• **Input for this task**
○ ○ ○ ○ ○ ○ ○
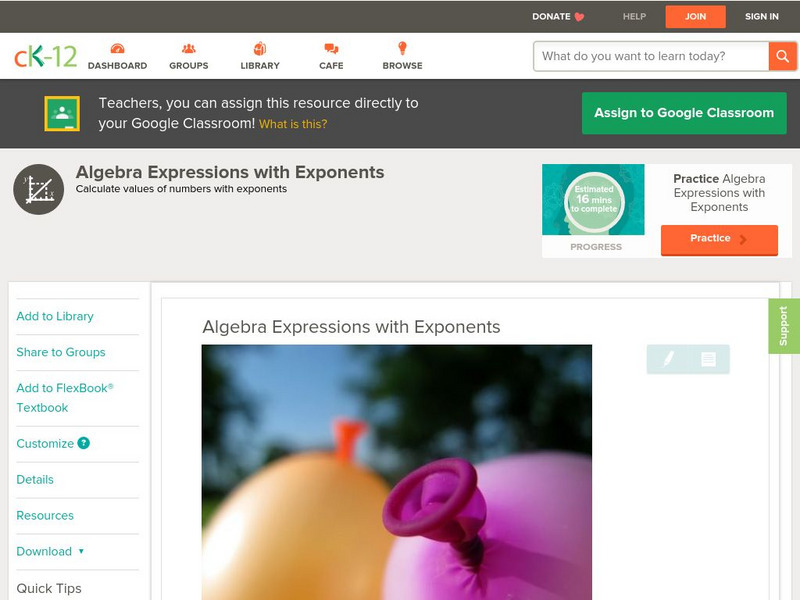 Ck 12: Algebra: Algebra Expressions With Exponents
○ ○ ○ ○ ○ ○ ○
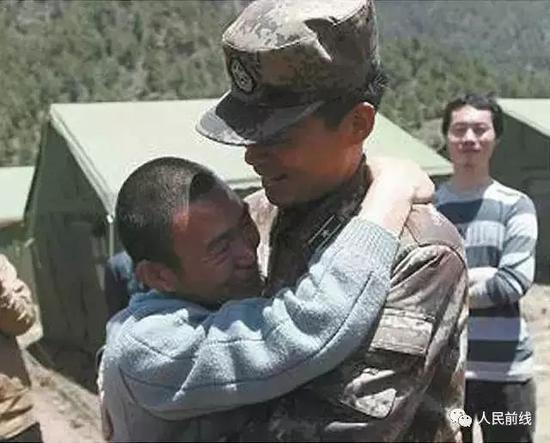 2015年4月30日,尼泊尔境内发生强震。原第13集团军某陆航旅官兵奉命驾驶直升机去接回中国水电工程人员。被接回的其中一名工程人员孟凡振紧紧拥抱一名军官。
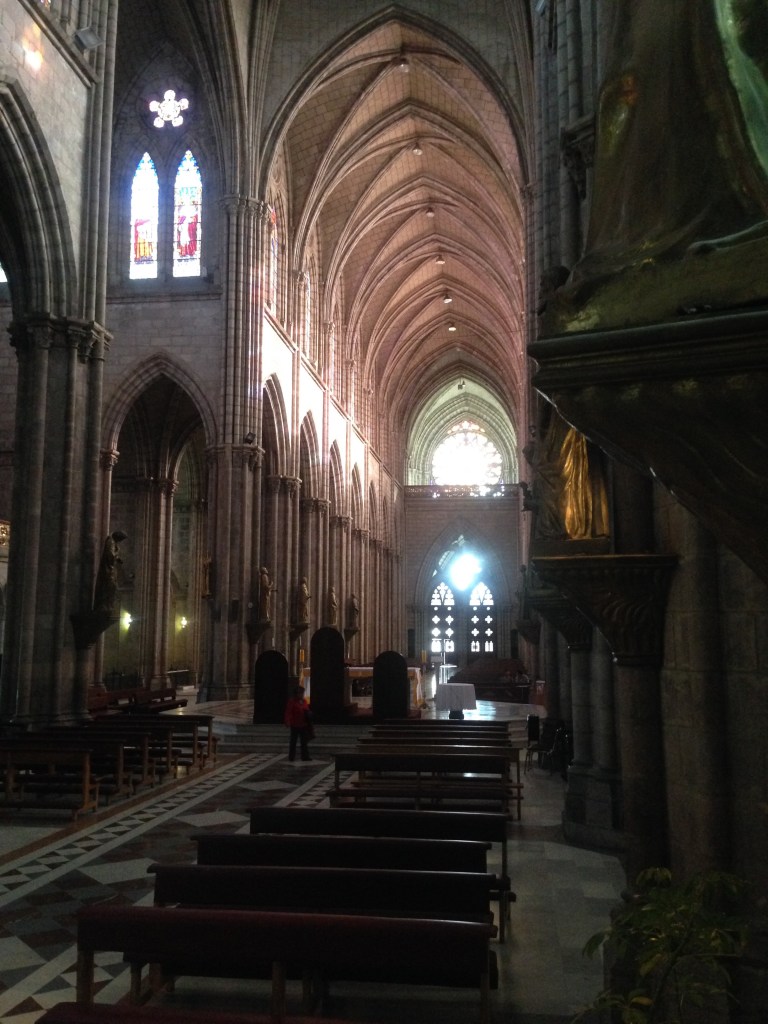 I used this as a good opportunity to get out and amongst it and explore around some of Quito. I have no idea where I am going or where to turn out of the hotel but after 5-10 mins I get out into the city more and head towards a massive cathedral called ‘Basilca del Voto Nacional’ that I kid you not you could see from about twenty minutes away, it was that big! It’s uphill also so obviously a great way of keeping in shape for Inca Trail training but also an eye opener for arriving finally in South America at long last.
○ ○ ○ ○ ○ ○ ○
• **Problem details**
Find where the line with "2015年4月30日,尼泊尔" sits in the material above and where the line with "I used this" sits. Set down exactly the lines from the first to the second, both included and nothing else, without pictures.

• **Answer box**
 2015年4月30日,尼泊尔境内发生强震。原第13集团军某陆航旅官兵奉命驾驶直升机去接回中国水电工程人员。被接回的其中一名工程人员孟凡振紧紧拥抱一名军官。
 I used this as a good opportunity to get out and amongst it and explore around some of Quito. I have no idea where I am going or where to turn out of the hotel but after 5-10 mins I get out into the city more and head towards a massive cathedral called ‘Basilca del Voto Nacional’ that I kid you not you could see from about twenty minutes away, it was that big! It’s uphill also so obviously a great way of keeping in shape for Inca Trail training but also an eye opener for arriving finally in South America at long last.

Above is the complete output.